Playwright A.R. Gurney has made a career chronicling the waning traditions of upper-class WASPS. First there was the formality of the dining room and, in 1989’s Love Letters, he wrote of a lifelong relationship as seen through the dying art of correspondence.
He takes us back to a time — not that long ago — before e-mail or text messages, when people sat down, pen in hand, and wrote letters. That is the communication vehicle of choice for two quintessential Gurney characters of privilege, rebellious, artistic Melissa Gardner and uptight, rigid Andrew Makepeace Ladd III. And when they weren’t writing letters, they reached out to each other in thank-you notes, holiday greeting cards and other assorted missives.
If you can remember back that far, perhaps you recall a 1970 movie called Love Story, which starred Ryan O’Neal and Ali MacGraw as a similar preppie WASP and the blue-collar Italian girl who loved him. If Gurney’s play is something of a gimmick, so is the reunion casting of these two in a national tour of Love Letters that opened at the Broward Center in Fort Lauderdale this week.

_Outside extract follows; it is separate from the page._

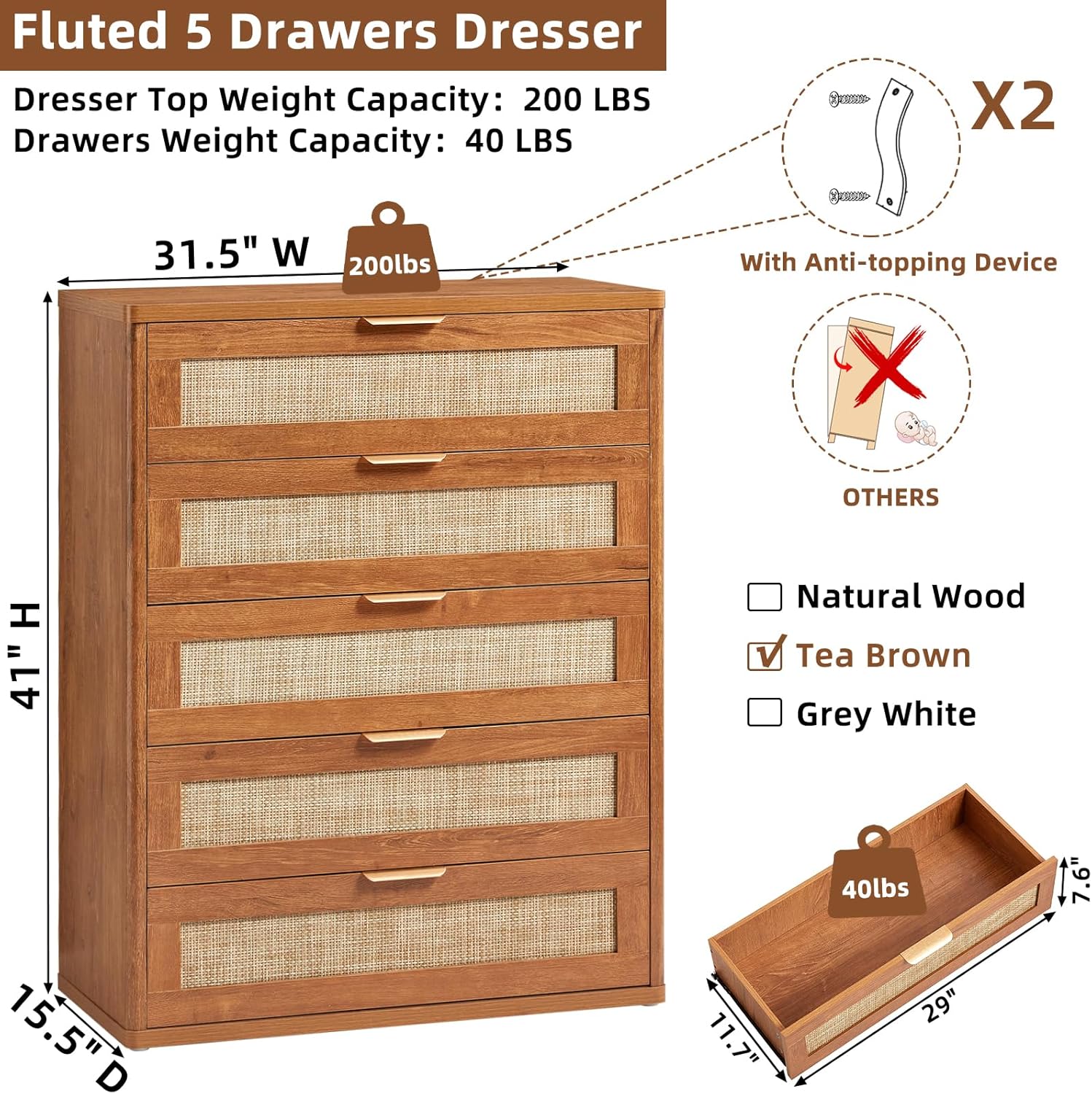 LEYAOYAO Dresser for Bedroom, 41" Tall Chest of Drawers, Modern 5 Drawers Boho Rattan Dressers with Storage, Dresser Wooden Closet Organizer for Living Room, Hallway, Tea Brown

Love Letters is an experiment in minimalist theater. It is consciously staged with its two actors stationary, seated at a table. And they read the play from notebooks, a scheme to attract busy, high-profile actors who do not have the time or inclination to rehearse or memorize the material. Yet the story remains affecting, despite these limitations.

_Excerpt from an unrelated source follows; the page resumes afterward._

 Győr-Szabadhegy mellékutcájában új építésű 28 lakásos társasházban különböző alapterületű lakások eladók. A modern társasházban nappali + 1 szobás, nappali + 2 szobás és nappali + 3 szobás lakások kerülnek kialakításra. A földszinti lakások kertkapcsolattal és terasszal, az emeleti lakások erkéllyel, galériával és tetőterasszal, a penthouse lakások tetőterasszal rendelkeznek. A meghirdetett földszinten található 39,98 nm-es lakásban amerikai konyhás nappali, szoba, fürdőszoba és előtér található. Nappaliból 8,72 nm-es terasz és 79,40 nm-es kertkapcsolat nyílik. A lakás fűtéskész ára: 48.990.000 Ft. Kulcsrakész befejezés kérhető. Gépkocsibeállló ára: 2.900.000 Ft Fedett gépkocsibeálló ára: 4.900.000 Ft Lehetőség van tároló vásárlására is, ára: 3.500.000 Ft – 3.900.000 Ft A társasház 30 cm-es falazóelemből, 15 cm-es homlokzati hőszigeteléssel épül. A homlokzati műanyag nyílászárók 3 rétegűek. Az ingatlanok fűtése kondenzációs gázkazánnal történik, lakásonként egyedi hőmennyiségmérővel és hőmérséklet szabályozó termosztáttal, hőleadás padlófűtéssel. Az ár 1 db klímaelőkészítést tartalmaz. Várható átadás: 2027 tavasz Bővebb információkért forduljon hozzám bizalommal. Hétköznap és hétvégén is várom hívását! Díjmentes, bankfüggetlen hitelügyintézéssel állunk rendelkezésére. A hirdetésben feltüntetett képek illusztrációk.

Melissa and Andy meet in the second grade and begin a friendship that will last their whole lives, despite breaks in which they marry others and pauses when they refuse to answer their mail. There seems to be a romantic tension between them, but it is not consummated until late in their lives, when he is a much-married United States senator and she is a much-divorced alcoholic artist.
Although both in their 70s, O’Neal and MacGraw are still quite recognizable as their Love Story selves from 45 years ago. She remains attractive in a mature version of herself, with tightly pulled back, white-streaked hair and still-perfect skin. He is a somewhat larger version of himself, but manages to project a boyishness that belies his age.
They enter, cross to center stage, sit and don their reading glasses. Neither has much theater experience, but MacGraw had appeared in Love Letters twice before many years earlier. She is the more expressive reader, clearly comfortable with the material, while O’Neal is a bit of a stumbler, often breaking up sentences oddly, like the truant student who did not do his homework.
Still, they both radiate charm and star quality, although she seems too controlled for the mess that is Melissa and he is too casual for the patrician politician. Nevertheless, if you have always wanted to be in the same room with O’Neal and MacGraw — and isn’t that really what this tour is about? — you can scratch that off your bucket list this week at the Broward Center.
LOVE LETTERS, Broward Center, 201 S.W. Fifth Ave., Fort Lauderdale. Through Sunday. $30-$70. 954-462-0222.